В ту ночь мы это сделали пару раз. Было очень хорошо.
А после сошлись лет на шесть-восемь в аду.
Я тут стараюсь излагать сжато, пересказывать самое главное, но как втиснуть сорок девять лет в четыре или пять тысяч слов? Поэтому я должен рассказать про эту Джейн всякое – вроде первой ночи, когда скакал на ней, остановился на полутолчке, спросил:
– Слушай, я не знаю, как тебя зовут! Как тебя зовут?
Ее ответ:
– Какая, к черту, разница?
Однажды ночью с моей Джейн, такой пьяный, что с кушетки рядом с ней падал, глядя на эти тонкие лодыжки на высоких каблуках, на эти икры, безупречные, эти безупречные колени, а она просто сидит. Я перепивал ее вдвое и только что свалился с кушетки. И лежа навзничь, глядя снизу на ее ноги, я произнес нетленку:
– Детка, я гений, и никто, кроме меня, этого не знает.
И она ответила нетленкой:
– Ох, да встань ты с пола и сядь, чертов дурень!
Настал день, и мне пришлось ее похоронить. Как отца. Как мать. Я похоронил ее через два года после того, как мы расстались.
Но до этого я загремел в благотворительную палату Окружной общей больницы Л.-А. (мой старый дом), и меня засунули в темный подвал, а бумаги мои потеряли.
– Документы, – сказала старшая медсестра, – отправили вниз, пока я была наверху. – Потому я и потерялся где-то там в подвальном Подполье, тело без документов, умирал, беспрестанно истекал кровью изо рта и жопы. Все это дешевое пойло и трудная жизнь выходили из меня наружу – фонтанами крови. Потом кто-то нашел мои бумаги, и через три дня в подвале меня подняли туда, где света побольше.
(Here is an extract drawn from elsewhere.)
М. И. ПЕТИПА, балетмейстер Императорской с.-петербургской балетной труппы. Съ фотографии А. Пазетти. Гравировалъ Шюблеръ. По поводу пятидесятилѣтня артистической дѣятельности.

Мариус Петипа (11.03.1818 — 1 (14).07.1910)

Но тут выяснилось, что у меня нет кредита на кровь.
– Мистер Буковски, – сказала мне старшая медсестра, – если вы не установите себе кредит на кровь, вы не получите крови. – Это означало, что я умру.
Судя по всему, они для умирающих или больных делали одно – оставляли их валяться, пока не умрут. Я видел, как они отовсюду вокруг меня выволакивают мертвецов. Тогда у них освобождались места для новых тел. С местом была незадача. И ни медсестер, ни врачей. Даже практиканта увидеть – и то было чудом.
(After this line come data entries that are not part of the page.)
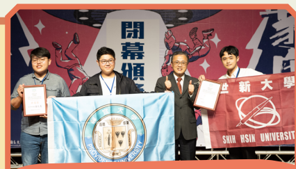
▲ 教育部學務特教司吳林輝司長頒發大專校院康樂性社團特優獎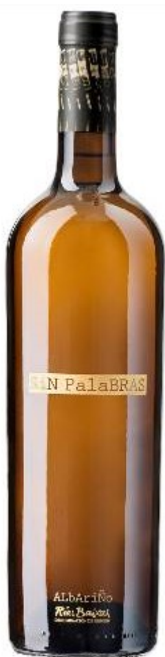
Sinpalabras Especial 2013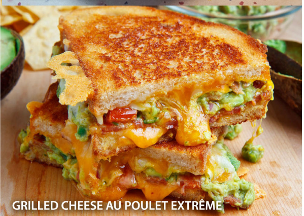
GRILLED CHEESE AU POULET EXTRÊME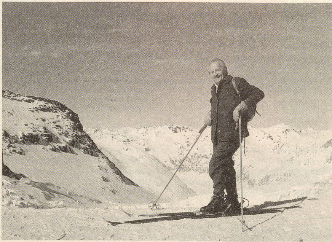
Skiwanderungen in der winterlichen Bergwelt: Herrliches Naturerlebnis, aber nicht ohne Gefahren. Auch für die Sonne gilt Alfred Vogels naturheilkundliche Erkenntnis: «Kleine Reize regen an, grosse Reize wirken zerstörerisch.»

Die Baumgrenze hatten wir in der Regel längst hinter uns gelassen, wenn es zu dämmern begann und uns schliesslich die ersten Sonnenstrahlen begrüßten. So ging es in stundenlanger Skiwanderung, unterbrochen natürlich durch Erholungspausen, hoch bis zum Gipfel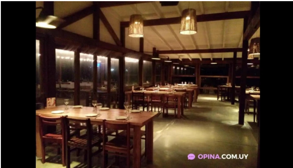
Punto sur la paloma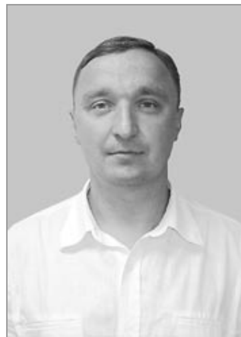
Оплачено из избирательного фонда кандидата в депутаты Совета депутатов муниципального образования г. п. Кубинка по 1-му избир. округу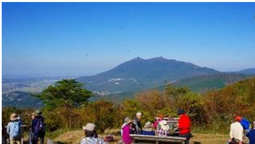
頂上から見た、筑波山、ベンチ多数あり、さあ！鍋パーティー

Затем они установили, что кредит на кровь есть у моего отца – он им разжился у себя на работе. Кроме того, я им всю палату пачкал своей кровью, и мне никак не удавалось умереть. Ангелом с неба явилась медсестра, воткнула мне в вену иголку, подвесила бутылку. Я принял тринадцать пинт крови и тринадцать глюкозы безостановочно.
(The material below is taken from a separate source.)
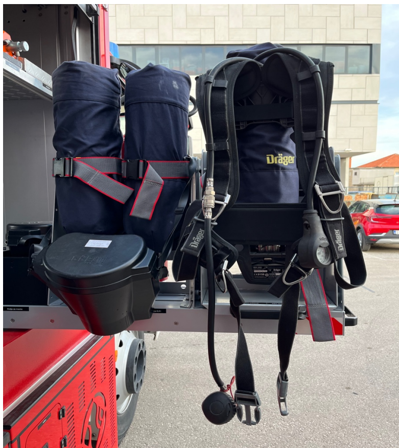
Sl.10. Izolacijski aparat na navalnom vozilu JVP Trogir.[4]

U većini slučajeva vatrogasci koriste zatvorene sustave izolacijskih aparata sa stlačenim zrakom koji su neovisni o okolnoj atmosferi, temelje se na načelu izolacije dišnog sustava nositelja.[7]

Нашел себе место на Кингзли-драйве, устроился водить грузовик и купил старую пишущую машинку. И каждую ночь после работы напивался. Я не ел – только выстукивал восемь или десять стихов. Даже не знаю, как мне удалось отстукать рассказ. Я писал стихи, только не знал, почему. Как-то разнюхал про Дж. Б. Мэя и его журнал «Трейс», который тогда один как-то объединял возникающие маленькие журналы – он их каталогизировал. А «малыши» тогда были гораздо лучшими пастбищами для того малого количества хорошего и реалистического письма, что в ту пору создавалось. Теперь малыши изменились, материализовались в кучку деятелей с дешевыми мимеографами, которые превратились в свалку очень скверной литературы и поэзии. Маленькие и большие журналы теперь – на одной территории, и те и другие печатают всякую дрянь, а главная цель у них – известность, групповщина и деньги, любой, к черту, ценой. Конская жопа наконец-то встретилась с конским ртом и жрет свое же говно.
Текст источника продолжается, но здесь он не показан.